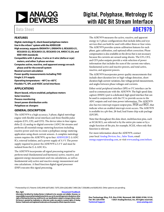 ADE7979 Digital, Polyphase, Metrology IC with ADC Bit Stream Interface
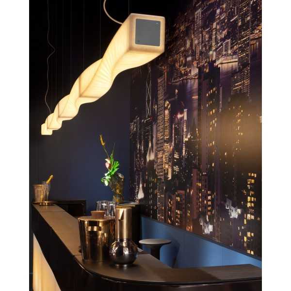Spin ist die Pendelleuchte von Slide, die aus der Drehung eines quaderförmigen Elements mit quadratischer Basis entsteht, ihre Modularität ermöglicht lange und geschwungene Elemente, die nach Belieben kombiniert werden können. Auch als Wandversion erhältlich.
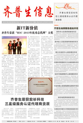 新IT 新價值 齊普生榮獲“H3C 2014年優秀總代理”大獎
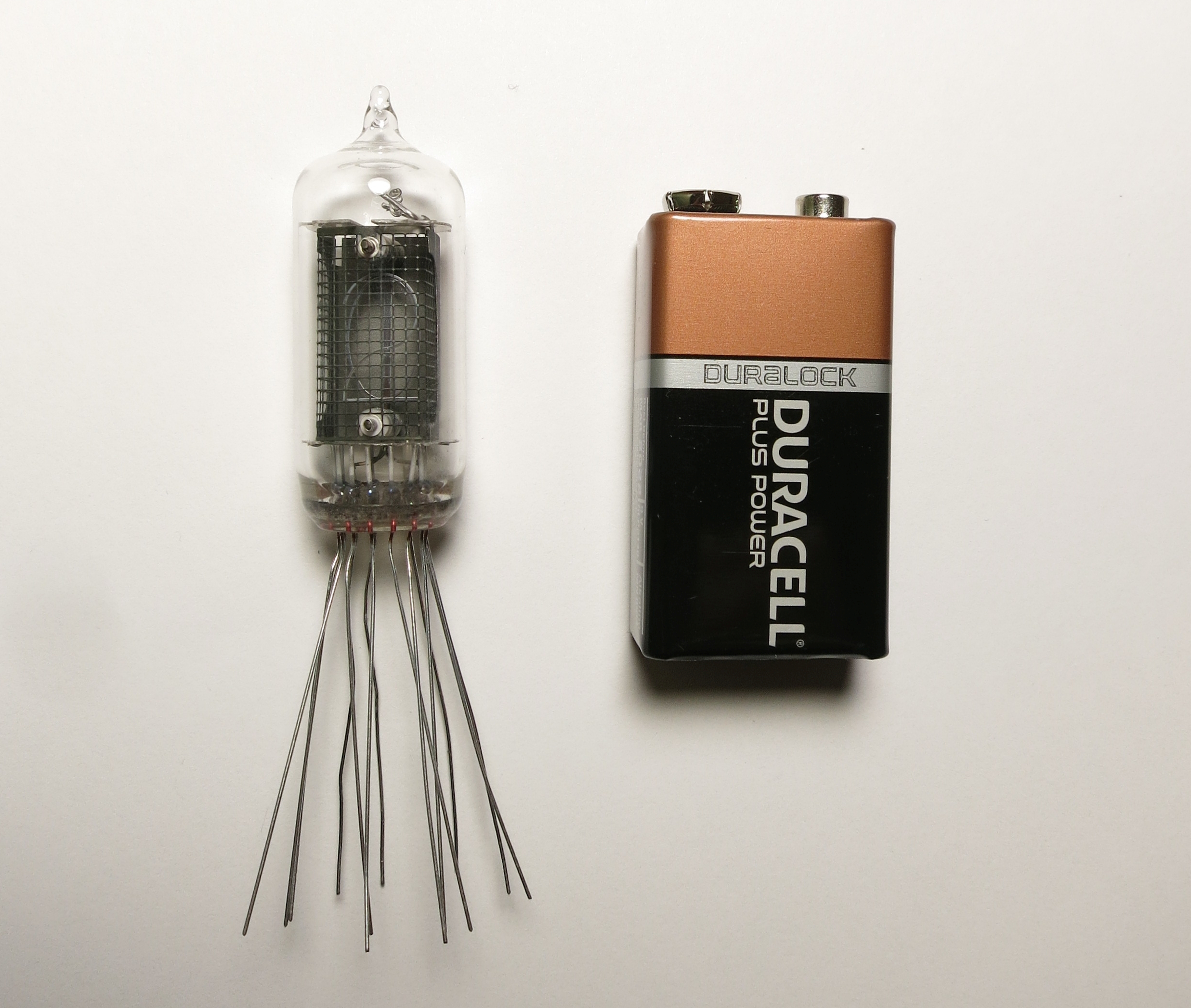Die TAF1267A vom französischen Hersteller Thomson CSF ist eine 13mm-Ziffernröhre, der auch die TAF1317A (oder die F9080BA) angehört. Hier ist sie im Größenvergleich zu sehen:
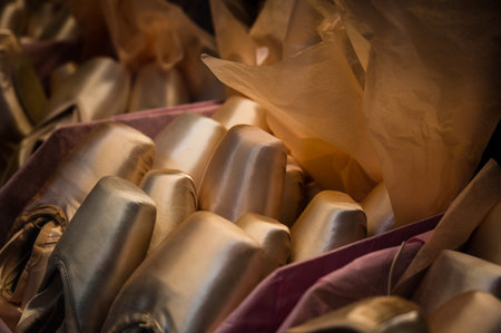 A closeup of ballerina pointe shoes in a studio
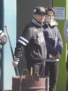 春季キャンプの練習を見守る王会長(撮影・岡田 丈靖)
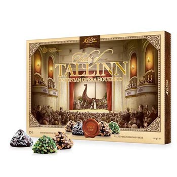 Estonia Teater assortment of praline candies The Estonia Teater (Estonia Theatre) chocolate box contains a delicious selection of classic praline chocolates: almond, hazelnut and coconut praline filling that melts in your mouth, covered by a thick chocolate glaze made of real cocoa butter. The well-balanced bouquet of classic flavours is a treat for many.
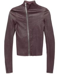 Go to BalardiA striking jacket made from premium distressed leather, enhanced by a plush shearling lining at the collar, hem, and cuffs. The adjustable high collar offers versatility, while the front zip closure and zippered
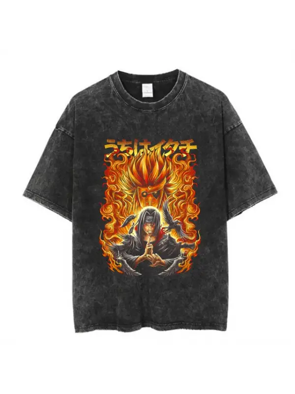 Yıkamalı Anime Naruto Itachi Baskılı Unisex Oversize Vintage T-Shirt
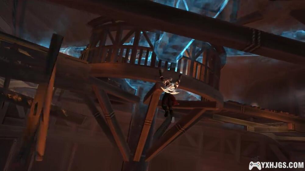 之后,你需要攀登一个梯子和一张网同时要干掉些敌人,当你到达桅杆的顶部时,你可以通过那个横梁往走得到些“红魂”之后顺着绳子荡到另一艘船上。
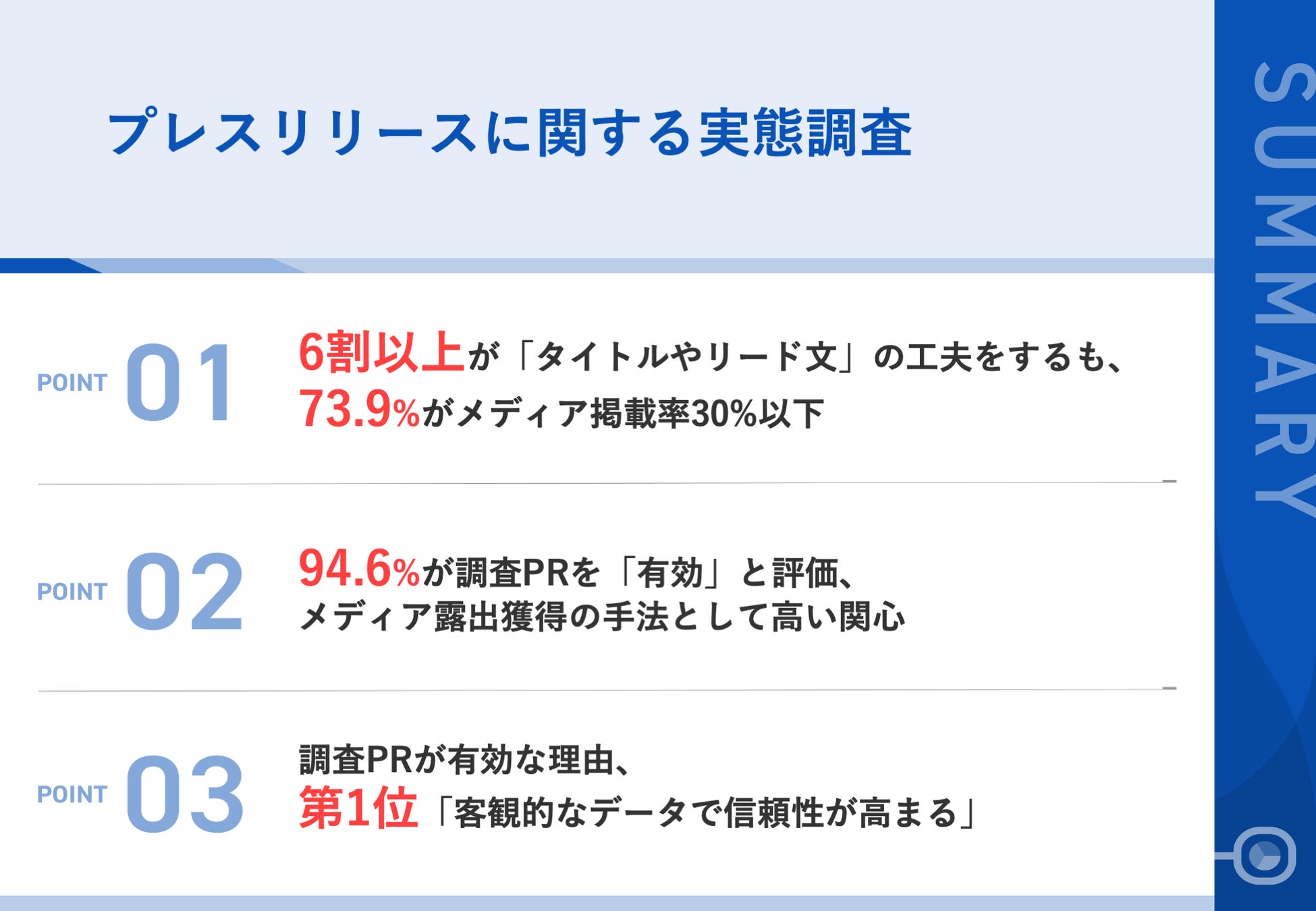 今回の調査では、多くの企業がプレスリリースのメディア掲載率の低さやネタ不足に課題を抱えている一方で、調査PRに対する高い期待が明らかになりました。特に、客観的なデータによる信頼性向上や、新しい切り口での話題づくりが重視されており、企業の広報・PR活動において、リサーチデータを活用したコンテンツマーケティングの重要性が高まっていると言えるでしょう。
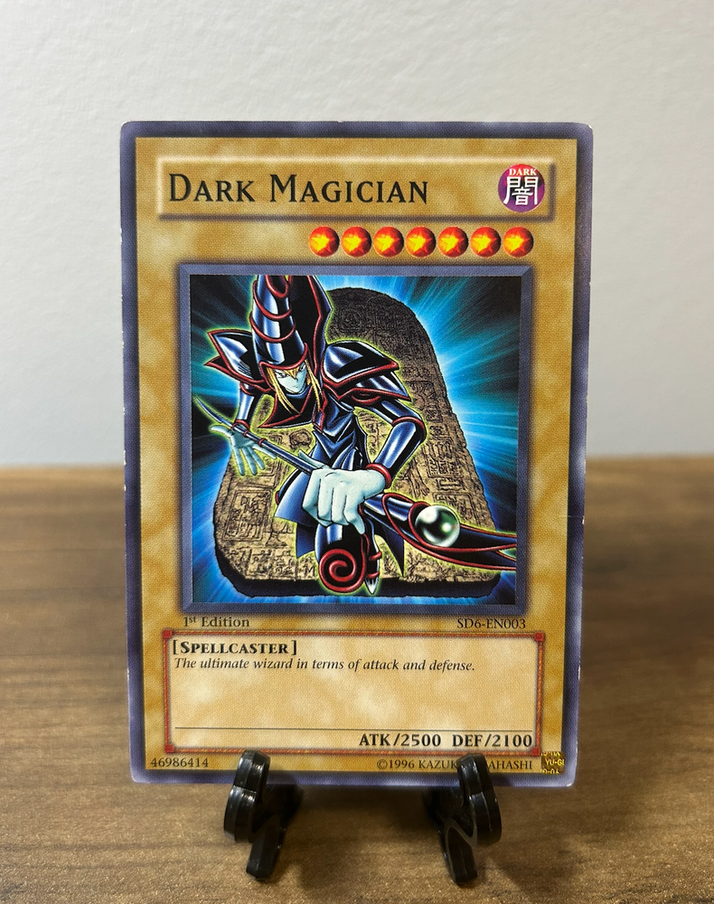 1st Edition Dark Magician card from the 2006 Yu-Gi-Oh Spellcaster’s Judgment deck (SD6-EN003) This card is in a LIGHTLY PLAYED condition. Please refer to pictures. All cards are shipped inside a penny sleeve, top loader, and standard envelope.
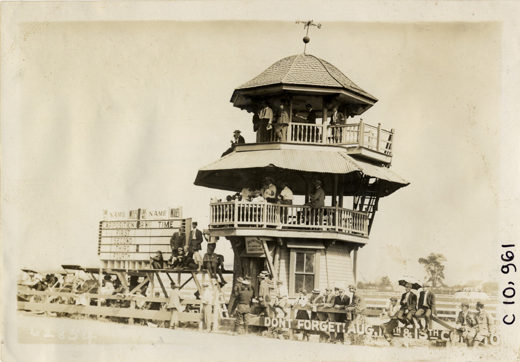 View of judge's stand, racing officials and scoreboard at 1910 motorcycle races at Point Breeze racetrack in Philadelphia, Pennsylvania. Sign on front of building: "Only officials allowed in judge's stand." Stamped on back: "Spooner & Wells, Inc., photographers, telephones 3472-3473 Columbus, 1931 Broadway, New York." Handwritten on back: "Motorcycle races--Point Breeze motorcycle races, 1910."
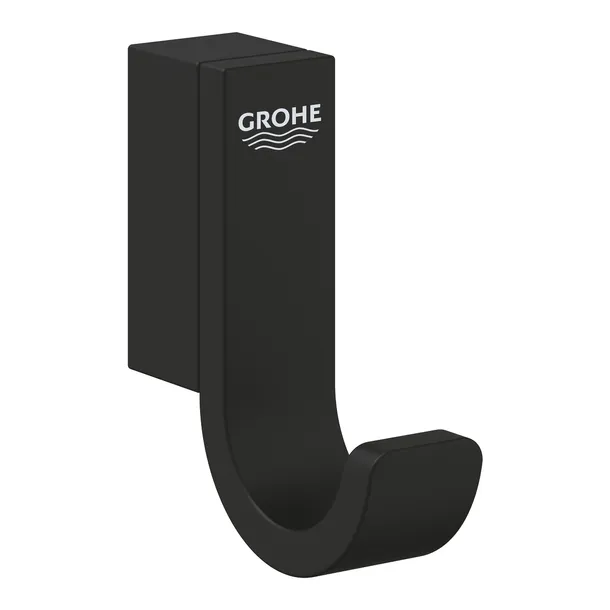 Haczyk Grohe Selection w kolorze czarnym matowym (numer katalogowy 41216KF0) to elegancki i funkcjonalny element wyposażenia łazienki. Wykonany z metalu, charakteryzuje się solidną konstrukcją i trwałością. Wykończenie w kolorze Phantom Black nadaje mu nowoczesny, minimalistyczny wygląd, który doskonale komponuje się w różnych stylach łazienek. Haczyk posiada ukryte mocowanie, co zapewnia estetyczny montaż bez widocznych elementów mocujących. Dzięki powłoce chromowanej GROHE Long-Life, haczyk jest odporny na zarysowania i łatwy w utrzymaniu czystości. Produkt z serii Professional łączy funkcjonalność z eleganckim designem, idealny do współczesnych łazienek.
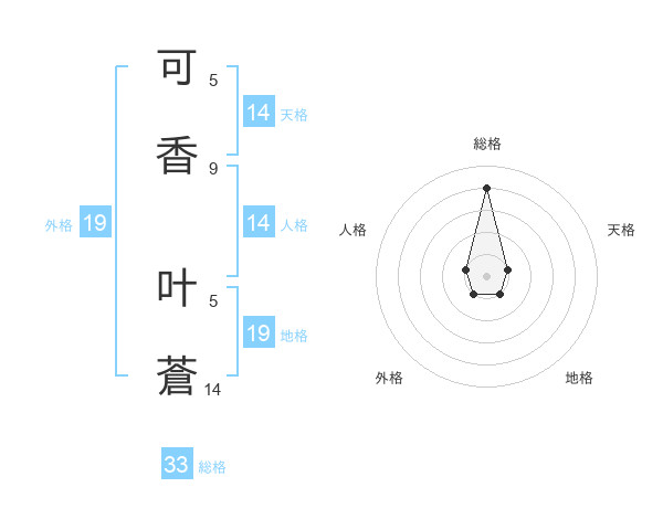 可香 叶蒼さんの総格は33画の4点!
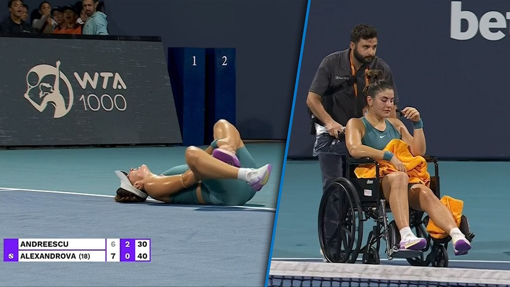 Andreescu, 22, joutui luovuttamaan neljännesvälieräottelunsa venäläistä Ekaterina Alexandrovaa vastaan toisessa erässä. Kanadalainen rojahti kentän pintaan pidellen vasenta nilkkaansa.
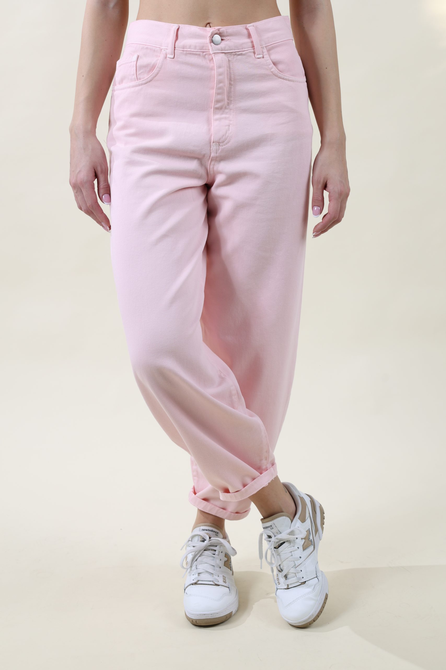 Pantalone cinque tasche effetto jeans in tela di cotone super morbida. Modello barrel a baloon sulla gamba, ma non esagerato. Vestibilità regolare, taglie dalla XS (40) alla L (46 abbondante).

::::

**PROBLEM:**
The records above must be repeated in full and exactly, but without any of the pictures.

**RESULT OF THE TASK:**
 ADE7979 Digital, Polyphase, Metrology IC with ADC Bit Stream Interface
Spin ist die Pendelleuchte von Slide, die aus der Drehung eines quaderförmigen Elements mit quadratischer Basis entsteht, ihre Modularität ermöglicht lange und geschwungene Elemente, die nach Belieben kombiniert werden können. Auch als Wandversion erhältlich.
 新IT 新價值 齊普生榮獲“H3C 2014年優秀總代理”大獎
Die TAF1267A vom französischen Hersteller Thomson CSF ist eine 13mm-Ziffernröhre, der auch die TAF1317A (oder die F9080BA) angehört. Hier ist sie im Größenvergleich zu sehen:
 A closeup of ballerina pointe shoes in a studio
 春季キャンプの練習を見守る王会長(撮影・岡田 丈靖)
 Estonia Teater assortment of praline candies The Estonia Teater (Estonia Theatre) chocolate box contains a delicious selection of classic praline chocolates: almond, hazelnut and coconut praline filling that melts in your mouth, covered by a thick chocolate glaze made of real cocoa butter. The well-balanced bouquet of classic flavours is a treat for many.
 Go to BalardiA striking jacket made from premium distressed leather, enhanced by a plush shearling lining at the collar, hem, and cuffs. The adjustable high collar offers versatility, while the front zip closure and zippered
 Yıkamalı Anime Naruto Itachi Baskılı Unisex Oversize Vintage T-Shirt
 之后,你需要攀登一个梯子和一张网同时要干掉些敌人,当你到达桅杆的顶部时,你可以通过那个横梁往走得到些“红魂”之后顺着绳子荡到另一艘船上。
 今回の調査では、多くの企業がプレスリリースのメディア掲載率の低さやネタ不足に課題を抱えている一方で、調査PRに対する高い期待が明らかになりました。特に、客観的なデータによる信頼性向上や、新しい切り口での話題づくりが重視されており、企業の広報・PR活動において、リサーチデータを活用したコンテンツマーケティングの重要性が高まっていると言えるでしょう。
 1st Edition Dark Magician card from the 2006 Yu-Gi-Oh Spellcaster’s Judgment deck (SD6-EN003) This card is in a LIGHTLY PLAYED condition. Please refer to pictures. All cards are shipped inside a penny sleeve, top loader, and standard envelope.
 View of judge's stand, racing officials and scoreboard at 1910 motorcycle races at Point Breeze racetrack in Philadelphia, Pennsylvania. Sign on front of building: "Only officials allowed in judge's stand." Stamped on back: "Spooner & Wells, Inc., photographers, telephones 3472-3473 Columbus, 1931 Broadway, New York." Handwritten on back: "Motorcycle races--Point Breeze motorcycle races, 1910."
 Haczyk Grohe Selection w kolorze czarnym matowym (numer katalogowy 41216KF0) to elegancki i funkcjonalny element wyposażenia łazienki. Wykonany z metalu, charakteryzuje się solidną konstrukcją i trwałością. Wykończenie w kolorze Phantom Black nadaje mu nowoczesny, minimalistyczny wygląd, który doskonale komponuje się w różnych stylach łazienek. Haczyk posiada ukryte mocowanie, co zapewnia estetyczny montaż bez widocznych elementów mocujących. Dzięki powłoce chromowanej GROHE Long-Life, haczyk jest odporny na zarysowania i łatwy w utrzymaniu czystości. Produkt z serii Professional łączy funkcjonalność z eleganckim designem, idealny do współczesnych łazienek.
 可香 叶蒼さんの総格は33画の4点!
 Andreescu, 22, joutui luovuttamaan neljännesvälieräottelunsa venäläistä Ekaterina Alexandrovaa vastaan toisessa erässä. Kanadalainen rojahti kentän pintaan pidellen vasenta nilkkaansa.
 Pantalone cinque tasche effetto jeans in tela di cotone super morbida. Modello barrel a baloon sulla gamba, ma non esagerato. Vestibilità regolare, taglie dalla XS (40) alla L (46 abbondante).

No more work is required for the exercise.